Petitioner spoke with Mr. Jacquot with respect to completing the putative stock donation before the end of 2001. Melissa Murphy,4 a paralegal, was instructed to draft all necessary documents and include the dates to be used on the documents. She collected all necessary signatures. Although Ms. Murphy was Mr. Jacquot's subordinate, she also worked for Mr. Buck. At trial Ms. Murphy testified that she did as she was instructed by Mr. Buck. She had no knowledge of [*7] the putative stock donation following completion of her assignment. Further, she had no knowledge of petitioner's beliefs and intent with respect to the putative charitable contribution.

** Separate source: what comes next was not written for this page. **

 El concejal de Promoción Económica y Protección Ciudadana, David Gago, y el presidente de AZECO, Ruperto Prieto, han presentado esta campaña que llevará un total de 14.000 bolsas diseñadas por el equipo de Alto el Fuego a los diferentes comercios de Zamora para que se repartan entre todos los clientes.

Petitioner did not prepare his own tax returns; instead he engaged a certified public accountant, Judith Hamilton. In preparing petitioner's 2001 and 2002 Federal income tax returns, Ms. Hamilton relied on information provided by petitioner. This led to difficulty in preparing the returns. In a letter to Mr. Buck, Ms. Hamilton detailed the problems she encountered in reporting the putative charitable contribution:

I need your assistance in reconciling some issues with Don’s 2001 tax returns. We didn’t receive the form 8283[5] until noon today [October 15, 2002, the last (extended) day to timely file petitioner’s 2001 Federal income tax return] and there was additional information we needed to properly complete the returns. We decided it best to go with what we had with some blanks filled in with our best guesses and then amend later if needed.

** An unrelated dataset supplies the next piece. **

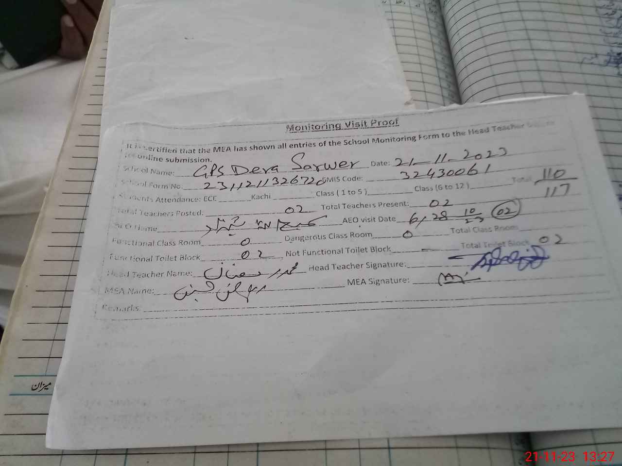 | Attendance Register | Head Teacher | MEA with School | Visit Proof |

The date acquired, how acquired and adjusted cost basis of the $800,000 fair market value of Pyramidal Funding was not included on the Form 8283. The difference between the cost basis and the fair market value is a preference item for California alternative minimum tax purposes. After discussions with John Ferrington, we used an adjusted cost basis of $370,000 which resulted in no alternative minimum tax for Dr. Guess. Can you either confirm this information [*8] or advise the correct information and we will prepare amended returns.

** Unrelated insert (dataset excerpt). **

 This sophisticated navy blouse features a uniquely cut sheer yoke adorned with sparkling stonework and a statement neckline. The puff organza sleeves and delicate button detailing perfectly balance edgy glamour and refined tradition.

The IRS opened a criminal investigation of this putative donation which led to petitioner's indictment in the U.S. District Court for the Southern District of California on two counts of filing false tax returns. The indictment charged that petitioner willfully made and subscribed to Federal income tax returns, verified by petitioner's written declaration made under penalties of perjury, which he did not believe to be true and correct as to every material matter. The indictment stated that petitioner's 2001 and 2002 Federal income tax returns,

prepared and signed in the Southern District of California and * * * filed with the Internal Revenue Service, stated that, in 2001, defendant LEWIS DONALD GUESS had donated to the xelan Foundation $800,000 worth of stock in Pyramidal Funding Systems, whereas, as he then well knew and believed, he had not donated $800,000 worth of stock in Pyramidal Funding Systems to the xelan Foundation in 2001; all in violation of Title 26, United States Code, Section 7206(1).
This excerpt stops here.